Citing the ABC notice, the Bank contends on appeal that it was "undisputed that the Bank's secured debt was $8,368,528 as of the date of the Assignment." Such amount, however, is not consistent with the evidence presented at the trial, and possibly reflects all secured debt as of the date of the ABC, not only the indebtedness to the Bank. --------
¶ 61 Closing Argument
¶ 62 Wilhelm Management's final argument is that the trial court abused its discretion by restricting the content of its attorney's arguments regarding its damages. The trial court stated, in part, that counsel would not be permitted to argue that damages were $3.5 million, i.e., the amount Wilhelm Management loaned iMetals. The trial court further stated that counsel could argue that additional money may have been received if the Assignee had waited a period of time for a better offer. The trial court would not permit counsel to argue regarding the potential purchaser or the purchase amount on any such offer "because there was no evidence of that." ¶ 63 "Attorneys are afforded wide latitude during closing argument and may comment and argue on the evidence and any inference that may be fairly drawn from that evidence." Clarke v. Medley Moving & Storage, Inc., 381 Ill. App. 3d 82, 95 (2008). We will not reverse a trial court's determinations regarding closing arguments absent a clear abuse of discretion.
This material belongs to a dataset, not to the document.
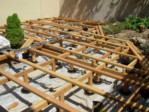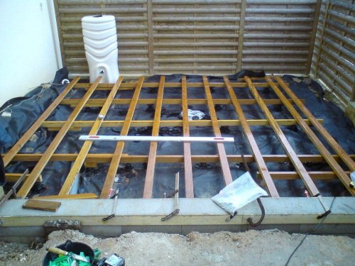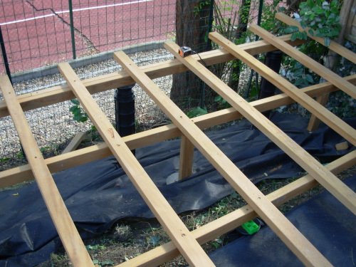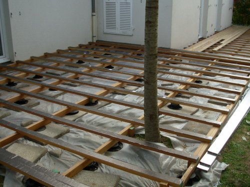 Structure de terrasse en afrormosia sur dalles gravillonnées

Id. ¶ 64 We cannot conclude that the trial court abused its discretion in not permitting Wilhelm Management's counsel to comment on hypothetical purchase offers with respect to the iMetals assets. See, e.g., People v. Harris, 132 Ill. 2d 366, 391 (1989) (finding no abuse of discretion where the trial court sustained the prosecutor's objection to the defense counsel's "speculative" comments). In addition, for the reasons discussed above, the $3.5 million debt to Wilhelm Management purportedly incurred by iMetals in a period prior to the ABC does not mean that Wilhelm Management's damages due to the Bank's conduct during the ABC amounted to $3.5 million. Finally, given that the jury ruled in Wilhelm Management's favor on Count VII and awarded $500,000, any negative effect of the trial court's restrictions on its counsel's arguments appears to have been minimal. As we share the trial court's view that the jury's verdict was unsupported by the evidence, we need not further analyze the impact of the trial court's restrictions on closing arguments.
¶ 65 CONCLUSION
¶ 66 The evidence and the inferences therefrom, viewed in the light most favorable to Wilhelm Management, so overwhelmingly favored the Bank that no contrary verdict based on that evidence could ever stand. We thus affirm the judgment of the circuit court of Cook County granting the Bank's motion for judgment notwithstanding the verdict, vacating the jury verdict, and entering judgment in favor of the Bank. ¶ 67 Affirmed.